--- START ---
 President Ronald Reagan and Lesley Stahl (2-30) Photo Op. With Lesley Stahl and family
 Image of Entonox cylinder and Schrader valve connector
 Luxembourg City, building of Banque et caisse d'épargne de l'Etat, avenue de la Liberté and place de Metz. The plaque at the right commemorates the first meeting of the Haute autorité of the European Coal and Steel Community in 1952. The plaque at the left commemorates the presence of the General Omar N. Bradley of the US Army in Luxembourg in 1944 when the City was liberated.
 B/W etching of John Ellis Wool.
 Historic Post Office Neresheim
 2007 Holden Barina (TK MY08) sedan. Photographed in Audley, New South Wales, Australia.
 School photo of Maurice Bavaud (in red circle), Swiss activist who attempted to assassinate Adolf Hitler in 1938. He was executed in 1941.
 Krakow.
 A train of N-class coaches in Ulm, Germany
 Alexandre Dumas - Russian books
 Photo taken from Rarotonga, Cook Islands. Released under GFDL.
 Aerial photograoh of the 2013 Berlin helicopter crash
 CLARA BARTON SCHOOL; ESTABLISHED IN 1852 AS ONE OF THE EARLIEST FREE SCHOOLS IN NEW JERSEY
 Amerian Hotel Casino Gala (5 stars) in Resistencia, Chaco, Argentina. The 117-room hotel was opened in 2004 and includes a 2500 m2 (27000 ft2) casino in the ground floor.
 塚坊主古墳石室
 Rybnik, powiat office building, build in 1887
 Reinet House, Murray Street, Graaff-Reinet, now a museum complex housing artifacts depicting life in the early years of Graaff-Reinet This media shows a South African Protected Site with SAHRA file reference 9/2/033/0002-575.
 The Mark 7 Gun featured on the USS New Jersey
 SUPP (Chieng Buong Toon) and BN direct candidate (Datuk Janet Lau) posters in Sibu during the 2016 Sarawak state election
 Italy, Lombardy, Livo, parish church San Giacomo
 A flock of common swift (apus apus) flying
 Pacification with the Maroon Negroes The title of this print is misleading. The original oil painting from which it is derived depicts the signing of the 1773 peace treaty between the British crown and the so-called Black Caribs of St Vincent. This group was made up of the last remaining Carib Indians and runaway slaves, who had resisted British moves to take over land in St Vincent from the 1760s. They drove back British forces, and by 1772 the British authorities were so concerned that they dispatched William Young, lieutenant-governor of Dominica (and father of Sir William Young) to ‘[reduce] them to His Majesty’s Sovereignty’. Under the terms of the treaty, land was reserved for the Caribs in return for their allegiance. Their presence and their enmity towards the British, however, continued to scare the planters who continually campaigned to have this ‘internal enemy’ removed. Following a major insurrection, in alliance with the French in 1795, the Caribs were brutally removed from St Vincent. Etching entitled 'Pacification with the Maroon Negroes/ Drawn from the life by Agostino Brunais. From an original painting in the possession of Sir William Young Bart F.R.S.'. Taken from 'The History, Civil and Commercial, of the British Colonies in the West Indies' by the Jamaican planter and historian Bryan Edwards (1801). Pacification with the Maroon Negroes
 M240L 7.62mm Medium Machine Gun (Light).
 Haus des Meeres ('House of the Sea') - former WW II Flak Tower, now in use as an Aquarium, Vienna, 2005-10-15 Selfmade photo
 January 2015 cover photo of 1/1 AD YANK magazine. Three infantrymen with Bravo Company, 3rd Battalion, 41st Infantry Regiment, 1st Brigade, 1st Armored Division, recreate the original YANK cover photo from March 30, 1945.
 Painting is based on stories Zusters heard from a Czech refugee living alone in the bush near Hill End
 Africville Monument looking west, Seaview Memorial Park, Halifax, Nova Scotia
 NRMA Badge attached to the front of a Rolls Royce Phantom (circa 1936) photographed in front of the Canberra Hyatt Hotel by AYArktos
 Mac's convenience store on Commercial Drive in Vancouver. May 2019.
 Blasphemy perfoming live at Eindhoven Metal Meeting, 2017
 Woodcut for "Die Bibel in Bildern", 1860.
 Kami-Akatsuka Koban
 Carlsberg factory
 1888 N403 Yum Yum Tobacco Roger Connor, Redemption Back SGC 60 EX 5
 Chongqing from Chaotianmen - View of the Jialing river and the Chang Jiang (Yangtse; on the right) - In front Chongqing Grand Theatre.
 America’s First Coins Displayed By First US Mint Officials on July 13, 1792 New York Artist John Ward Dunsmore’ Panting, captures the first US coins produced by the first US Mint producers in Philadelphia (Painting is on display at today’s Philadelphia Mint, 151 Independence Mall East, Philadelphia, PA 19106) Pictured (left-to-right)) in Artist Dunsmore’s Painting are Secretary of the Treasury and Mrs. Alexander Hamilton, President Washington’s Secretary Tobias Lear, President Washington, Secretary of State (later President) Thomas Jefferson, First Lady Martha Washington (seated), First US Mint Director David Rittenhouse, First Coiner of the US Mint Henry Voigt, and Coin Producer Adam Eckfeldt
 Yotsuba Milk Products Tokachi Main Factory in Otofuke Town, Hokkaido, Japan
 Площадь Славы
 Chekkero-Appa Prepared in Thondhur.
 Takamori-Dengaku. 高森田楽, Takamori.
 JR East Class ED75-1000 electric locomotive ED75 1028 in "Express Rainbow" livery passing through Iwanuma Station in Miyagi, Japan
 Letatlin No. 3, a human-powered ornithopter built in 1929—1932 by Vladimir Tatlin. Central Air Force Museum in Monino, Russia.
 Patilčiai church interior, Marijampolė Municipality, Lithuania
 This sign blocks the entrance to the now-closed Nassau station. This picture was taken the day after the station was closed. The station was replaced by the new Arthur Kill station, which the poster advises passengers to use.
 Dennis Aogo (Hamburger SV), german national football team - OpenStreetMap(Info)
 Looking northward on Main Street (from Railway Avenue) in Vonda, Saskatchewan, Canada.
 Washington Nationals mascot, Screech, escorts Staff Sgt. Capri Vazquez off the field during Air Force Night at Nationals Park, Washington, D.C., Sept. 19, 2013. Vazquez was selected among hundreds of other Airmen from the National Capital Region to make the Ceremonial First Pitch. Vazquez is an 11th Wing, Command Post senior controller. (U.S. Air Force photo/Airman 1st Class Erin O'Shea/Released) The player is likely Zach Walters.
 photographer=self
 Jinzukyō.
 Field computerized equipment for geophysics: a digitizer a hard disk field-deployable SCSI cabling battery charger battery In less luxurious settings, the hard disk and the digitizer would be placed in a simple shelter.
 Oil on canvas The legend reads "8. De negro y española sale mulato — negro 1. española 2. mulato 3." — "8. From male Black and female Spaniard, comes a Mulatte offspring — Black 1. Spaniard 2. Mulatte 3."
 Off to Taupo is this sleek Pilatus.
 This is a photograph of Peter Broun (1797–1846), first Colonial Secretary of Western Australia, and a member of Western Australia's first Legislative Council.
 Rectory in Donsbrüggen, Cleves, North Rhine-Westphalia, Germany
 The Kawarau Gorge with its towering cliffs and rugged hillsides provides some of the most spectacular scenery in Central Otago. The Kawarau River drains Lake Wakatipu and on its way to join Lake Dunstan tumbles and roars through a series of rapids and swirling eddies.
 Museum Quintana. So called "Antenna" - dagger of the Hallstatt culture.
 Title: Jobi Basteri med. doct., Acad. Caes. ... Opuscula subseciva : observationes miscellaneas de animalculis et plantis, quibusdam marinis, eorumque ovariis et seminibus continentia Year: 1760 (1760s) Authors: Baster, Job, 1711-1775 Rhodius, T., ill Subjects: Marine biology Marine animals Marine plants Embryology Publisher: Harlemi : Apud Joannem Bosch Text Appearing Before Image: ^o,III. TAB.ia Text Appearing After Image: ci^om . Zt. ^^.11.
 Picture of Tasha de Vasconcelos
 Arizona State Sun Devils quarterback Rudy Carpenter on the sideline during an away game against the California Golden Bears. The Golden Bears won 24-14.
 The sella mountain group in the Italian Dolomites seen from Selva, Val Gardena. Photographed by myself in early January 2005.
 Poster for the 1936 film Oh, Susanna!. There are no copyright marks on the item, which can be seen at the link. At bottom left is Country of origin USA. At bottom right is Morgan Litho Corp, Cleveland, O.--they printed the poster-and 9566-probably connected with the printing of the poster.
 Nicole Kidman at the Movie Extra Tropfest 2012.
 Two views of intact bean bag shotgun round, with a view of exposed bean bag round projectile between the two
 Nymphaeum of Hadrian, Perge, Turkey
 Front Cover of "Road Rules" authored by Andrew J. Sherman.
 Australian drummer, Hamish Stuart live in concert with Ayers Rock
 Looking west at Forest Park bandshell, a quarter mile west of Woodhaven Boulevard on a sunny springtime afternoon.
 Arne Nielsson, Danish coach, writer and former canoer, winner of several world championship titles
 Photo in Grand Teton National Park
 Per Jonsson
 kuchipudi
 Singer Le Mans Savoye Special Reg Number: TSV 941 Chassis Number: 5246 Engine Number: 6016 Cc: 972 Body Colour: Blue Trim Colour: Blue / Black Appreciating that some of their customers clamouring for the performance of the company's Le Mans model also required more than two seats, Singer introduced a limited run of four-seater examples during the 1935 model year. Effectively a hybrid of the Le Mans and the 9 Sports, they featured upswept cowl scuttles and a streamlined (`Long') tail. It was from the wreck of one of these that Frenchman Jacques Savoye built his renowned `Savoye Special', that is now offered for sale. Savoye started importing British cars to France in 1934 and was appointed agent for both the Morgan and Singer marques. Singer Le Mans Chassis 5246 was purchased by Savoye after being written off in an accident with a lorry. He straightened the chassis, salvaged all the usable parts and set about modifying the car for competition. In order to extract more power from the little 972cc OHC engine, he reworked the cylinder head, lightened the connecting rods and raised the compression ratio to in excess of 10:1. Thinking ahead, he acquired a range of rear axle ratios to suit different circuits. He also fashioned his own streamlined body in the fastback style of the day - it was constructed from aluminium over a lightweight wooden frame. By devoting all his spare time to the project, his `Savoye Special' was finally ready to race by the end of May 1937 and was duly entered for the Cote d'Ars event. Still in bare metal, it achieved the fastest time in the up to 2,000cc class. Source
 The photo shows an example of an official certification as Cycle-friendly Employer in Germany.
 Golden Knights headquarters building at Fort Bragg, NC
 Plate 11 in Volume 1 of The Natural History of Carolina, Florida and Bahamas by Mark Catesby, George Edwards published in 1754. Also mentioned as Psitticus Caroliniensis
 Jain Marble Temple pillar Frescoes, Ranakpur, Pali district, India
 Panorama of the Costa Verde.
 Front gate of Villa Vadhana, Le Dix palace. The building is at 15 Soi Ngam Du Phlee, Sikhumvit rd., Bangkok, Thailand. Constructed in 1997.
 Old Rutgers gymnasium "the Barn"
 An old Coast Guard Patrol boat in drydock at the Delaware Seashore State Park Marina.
--- END ---
_Problem statement_. Set down, exactly as they stand above, the lines starting with the line with "Площадь Славы" and going on through the line with "Patilčiai church interior, Marijampolė", and no others.

_Solution_.
 Площадь Славы
 Chekkero-Appa Prepared in Thondhur.
 Takamori-Dengaku. 高森田楽, Takamori.
 JR East Class ED75-1000 electric locomotive ED75 1028 in "Express Rainbow" livery passing through Iwanuma Station in Miyagi, Japan
 Letatlin No. 3, a human-powered ornithopter built in 1929—1932 by Vladimir Tatlin. Central Air Force Museum in Monino, Russia.
 Patilčiai church interior, Marijampolė Municipality, Lithuania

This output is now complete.